Restate word for word the opening line of the data below and every line after it until the line with "Golf Driver Head", that line too, but not the pictures.

--- COLLECTED DATA ---
--*--
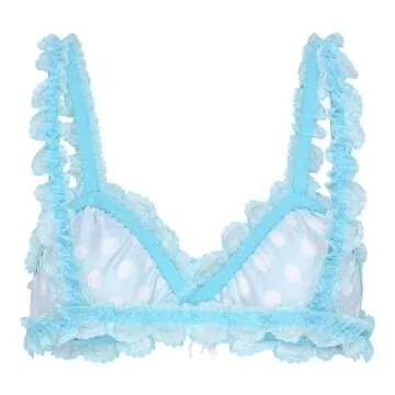 Satini Sissy Frilly Lace Fitted Satin Bralette (Aqua Blue - Polka Dots, XL)
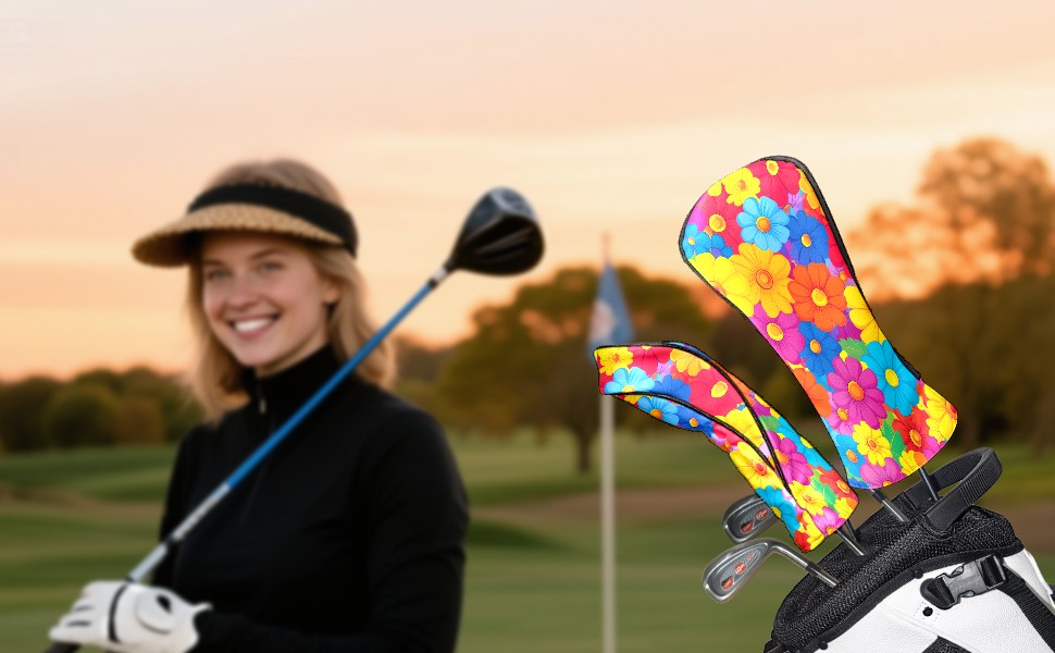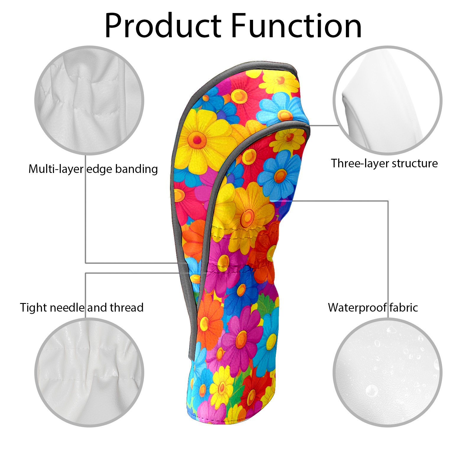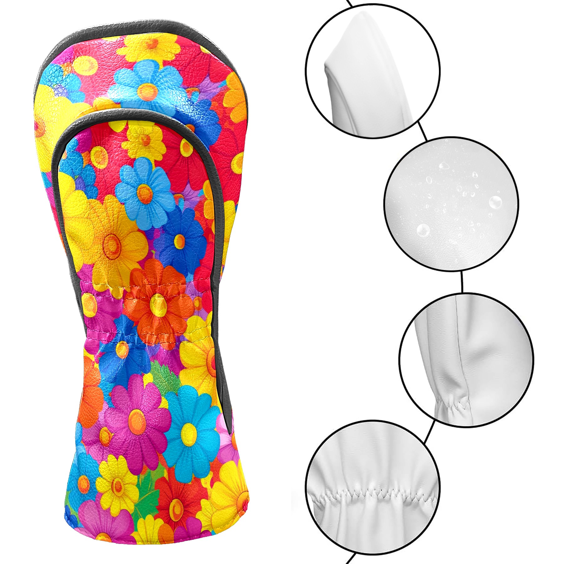 Golf Driver Head Cover Leather Driver Fairway Headcover, Premium Golf Club Covers with Plush Lining Girls Womens Mens Head Cover for Golf Clubs (Colorful Floral)
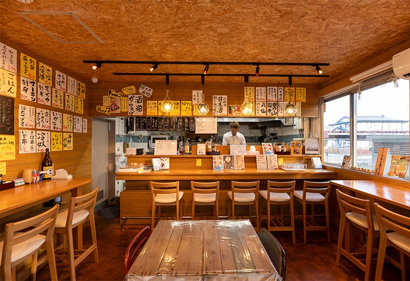 青森駅から徒歩すぐ。白を基調とした、明るく開放的なカフェのような空間が魅力の「青森きっちんPOPE」。地元の新鮮な魚介をふんだんに盛り付けた「おまかせ海鮮丼」や、希少な「ヤリイカの一夜干し」が人気メニューです。青森県産牛を使った料理も揃い、観光やランチにぴったり。駅から近く、気軽に立ち寄れるのも嬉しいポイントです。
--*--
--- ANSWER SPACE ---
 Satini Sissy Frilly Lace Fitted Satin Bralette (Aqua Blue - Polka Dots, XL)
 Golf Driver Head Cover Leather Driver Fairway Headcover, Premium Golf Club Covers with Plush Lining Girls Womens Mens Head Cover for Golf Clubs (Colorful Floral)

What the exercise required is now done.